In The Museum of Joy

I most often travel solo, but I never really travel alone.

Dad was with me today for this one, at least for a little while. He’s been gone almost 14 years, and never visited France, so I didn’t expect to find him here. And yet there he was.

Still feeling a bit off kilter in the wake of yesterday’s migraine, I started my walk into town wincing at the bright sun glaring down. It’s the first truly sunny day I’ve had since I’ve been here.

I began by strolling through and exploring the streets around Little Venice. It’s a cute neighborhood, with pastel dappled half-timbered houses, mostly restored to and maintained in a way that respects their humble history.

A small crowd of visitors huddled around the bridge for the obligatory photo opportunity. In the dying days of winter, with spring not yet emerged, the scene isn’t bedecked with flowers the way Colmar is depicted when you seek out information about it online, but it was still beautiful.

I imagine that the diminutive bridge over the river is nearly impassable in highest points of the tourist season.

This is a region that is all about wine and food, so it shouldn’t surprise me that there aren’t a ton of “sights” to see.

But there are photo opportunities all over this place.

Among the few museums is the Bartholdi Museum, in the former home of Frédéric Auguste Bartholdi, who designed and built the Statue of Liberty.

That was fascinating and occupied a good part of the morning. I knew next to nothing about him, but he often sculpted on extreme scales.

If anything surprises me about Colmar it is the near absence of coffee shops. There are plenty of patisseries, but I don’t always want to go to a patisserie, where I might feel a pressure to buy a pastry. Sometimes I’d just like to sit and nurse a tea for a while.

So after lunch, I instead I strolled and explored, and in doing so I happened upon the Musée du Jouet. In English the name sounds like museum of joy, but it actually means “toy museum.”

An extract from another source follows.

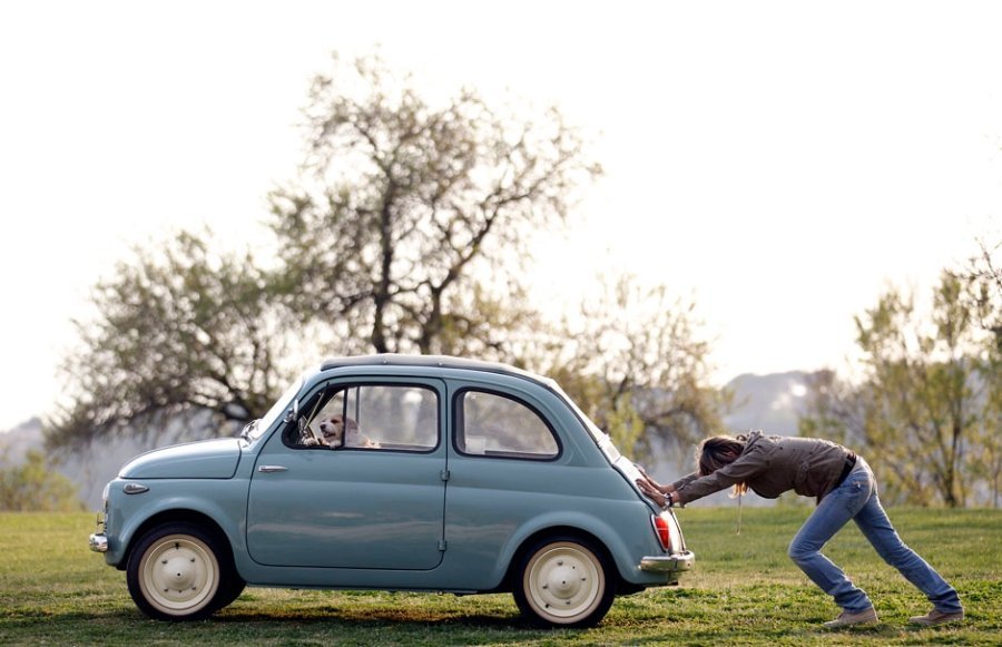 53. Жінка штовхає свій Fiat 500 зі своїю собачкою всередині в одному з районів Риму 23 березня. (ALESSANDRO BIANCHI)
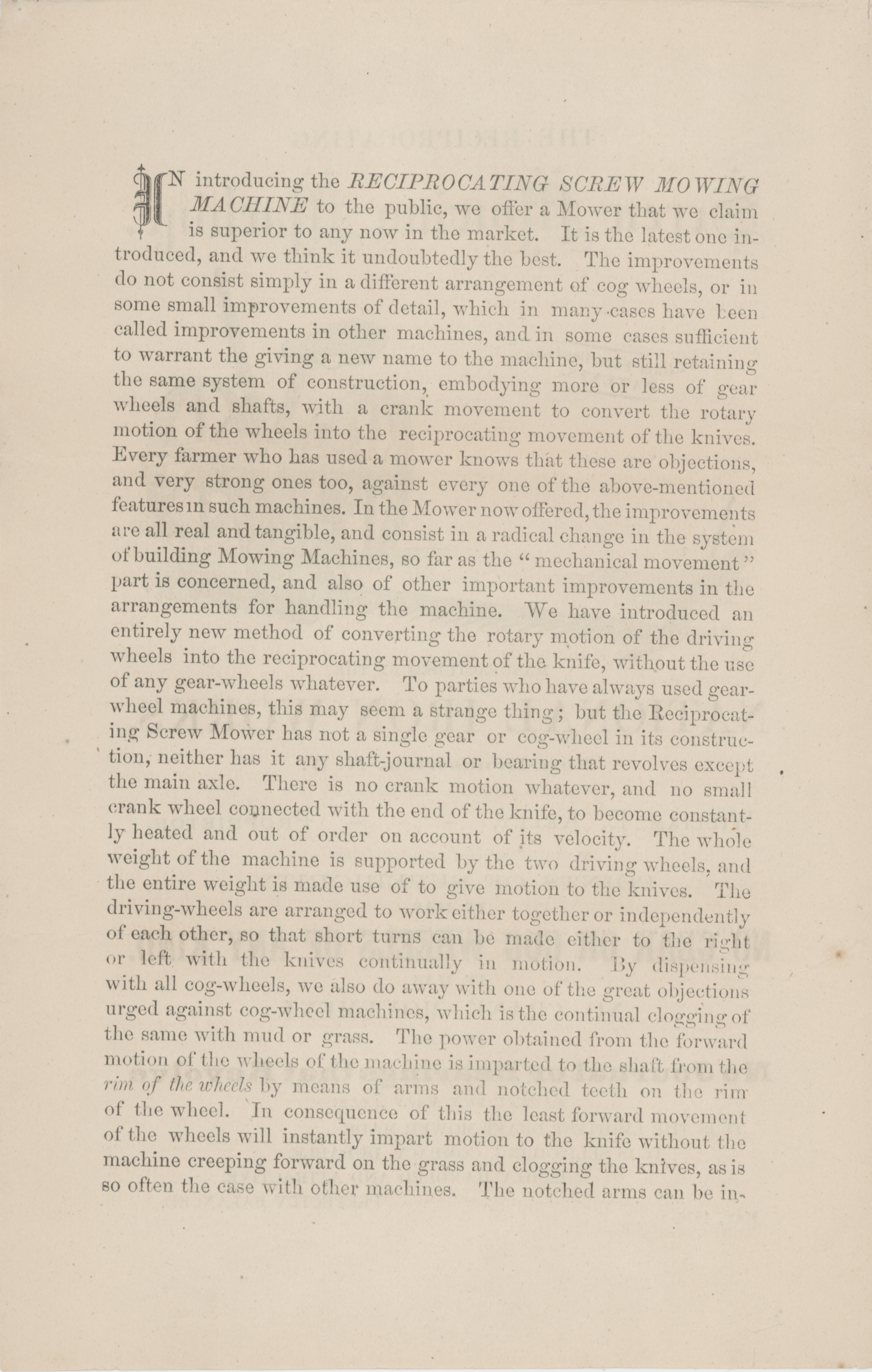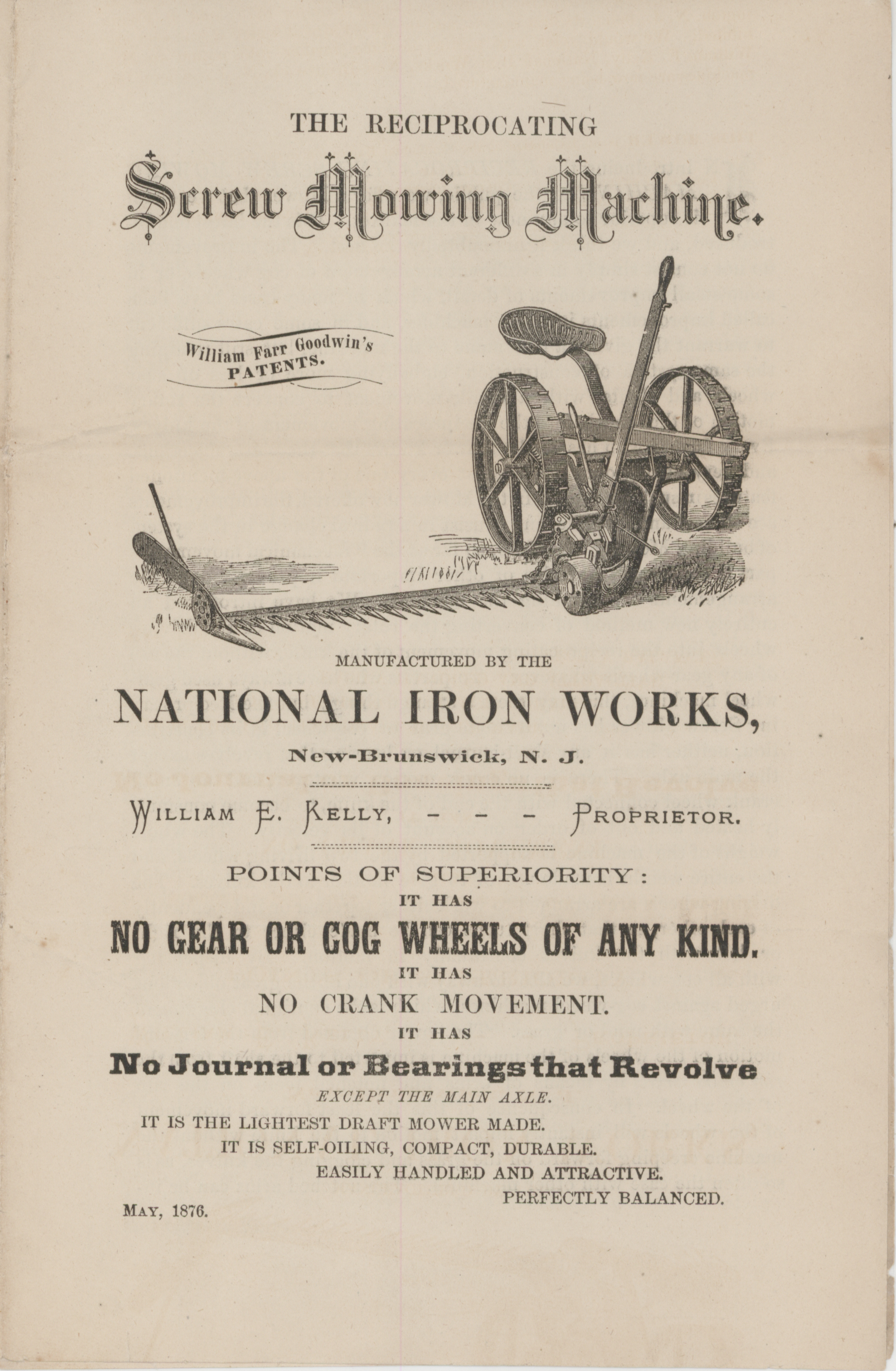 - Illustrated catalog advertising a mower manufactured by National Iron Works.

With little else to do, I stepped in, thinking “ok this might have something to entertain me for a while.”

And that’s when Dad showed up to accompany me on my tour, and this museum wouldn’t have been the same without him.

I saw his eyes light up looking at this display. He told me about about erector sets, and while this may not have been exactly the erector set he knew, because it is the French version, it was darn close.

And he told me enthusiastically about the tricycle he once played on when he was a child.

He really got a kick out of this electronic set from 1990, which came out well after his childhood (and mine). He told me again about how he learned electronics in the Navy, so this sort of thing was right up his alley.

And he reminded me of the time he labored over his lathe making tops that were similar to those he played with when he was a child. The end products looked vaguely like this ancient model on the left.

This small steam engine really got him excited. It’s the sort of thing he would have picked up at an antique store and brought home, as he was an aficionado of mechanical curiosities. Mom would have probably asked what he needed it for.

We continued on, beyond Dad’s memories to my own.

I personally enjoyed looking at the display of toys from the 1980s. Most weren’t things I ever played with, but I remember them well from the commercials that funded my Saturday morning cartoon habit.

And although I don’t recall ever owning any Star Wars toys, I remember their ubiquity and playing with them with friends. I’m certain Gen’s Luke Skywalker action figure still has grains of sand in its joints from burying it in the mud behind our elementary school.

And I smiled fondly at some of the building blocks that mirrored those I played with as a child, knowing they were old even when I stacked them, one on top of another.

On the way out Dad pointed to this woodburning kit. “Hey, that’s great. Remember, your brother used to have one of those.”

So I visited the museum of joy today, and I brought my memories with me.

But the best part of it, by far, was walking through the exhibits with Dad.